Pipeline Input Options

When running the text-generation pipeline, you can use the following options:

  • inputs (string|array)

    The text input for text generation can be provided as either a simple string or a chat-like structure.

    • Simple String: You can provide a plain text prompt, such as "Once upon a time, there was a...".
    • Chat-like Structure: For models that support chat-based interactions, you can provide a structured array with role-based inputs similar to the OpenAI API (e.g., system, user, assistant).

    To use chat-based inputs, you need to convert the array into a string using a template before passing it to the model. TransformersPHP provides a method called applyChatTemplate to handle this conversion.

    php
    $messages = [
        ['role' => 'system', 'content' => 'You are a helpful assistant.'],
        ['role' => 'user', 'content' => 'What is diffusion?'],
    ];
    
    $input = $generator->tokenizer->applyChatTemplate($messages, addGenerationPrompt: true, tokenize: false);

    If a model has its own specific template in the config, it'll be used. Otherwise, TransformersPHP applies this default chat template:

    jinja
    {% for message in messages %}{{'' + message['role'] + '\\n' + message['content'] + '' + '\\n'}}{% endfor %}{% if add_generation_prompt %}{{ 'assistant\\n' }}{% endif %}

    WARNING

    Not all models are suitable for using chat templates.

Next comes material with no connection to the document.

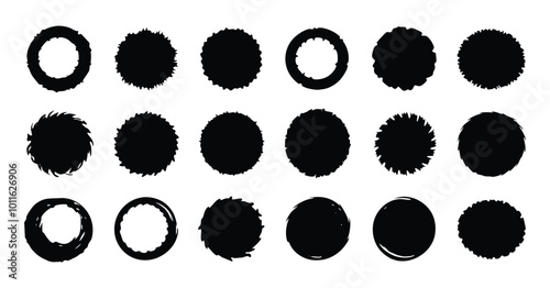 Hand-Drawn Circular Brush Stroke Frames – Grunge and Ink Textures Set on white background

Please check the model’s documentation and use cases before applying a chat template to ensure compatibility.

  • maxNewTokens (int)

    Sets the maximum numbers of tokens to generate, ignoring the number of tokens in the prompt.

  • doSample (bool)

    Toggles between sampling (true) and greedy decoding (false) for generating tokens. Sampling introduces randomness in the generation, making it possible to get different outputs each time for the same input.

  • numBeams (int)

    Determines the beam search size. A setting of 1 disables beam search, resulting in faster but potentially less accurate results.

  • temperature (float)

    Adjusts the probability distribution of the next token to make generation more deterministic or more random. A temperature of 1.0 maintains randomness, while a temperature of 0.0 makes the output more deterministic.

  • repetitionPenalty (float)

    Penalizes the repetition of the same token. A setting of 1.0 implies no penalty. This helps in generating more diverse outputs by reducing the likelihood of repetitive sequences.

  • streamer (Streamer)

    [Optional] This is an instance of the Streamer class and is used to stream the output of the pipeline. It's useful when you want to process the output in real-time or when the output is too large to fit into memory. Visit the Streamers documentation for more information on how to use streamers.

    php
    use Codewithkyrian\Transformers\Generation\Streamers\TextStreamer;
    
    $streamer = TextStreamer::make($generator->tokenizer);
    $output = $generator($inputs, streamer: $streamer);

maxNewTokens, doSample, numBeams, temperature, and repetitionPenalty are a few of the many possible arguments used to either control the length of the output, the generation strategy used, or the nature of the output. They are only valid for pipelines that use the generate function. For a complete list of all possible arguments, refer to the generation documentation.

Pipeline Outputs

The output is an array where each element corresponds to an input text and contains a key generated_text with the generated content. Here’s an example of the output:

php
[
    ['generated_text' => 'Once upon a time, there was a curious child who wanted to explore the world. She packed her bag and set off on an adventure that would take her to the most amazing places...']
]

For chat-based inputs, you can append the generated response to the previous messages array and continue the conversation.

php
$output = $generator($input, maxNewTokens: 256, returnFullText: false);

$generatedMessage = $output[0]['generated_text'];

$messages[] = ['role' => 'assistant', 'content' => $generatedMessage];

For batched inputs or scenarios requiring simultaneous processing of multiple prompts, the output array will contain one entry per input.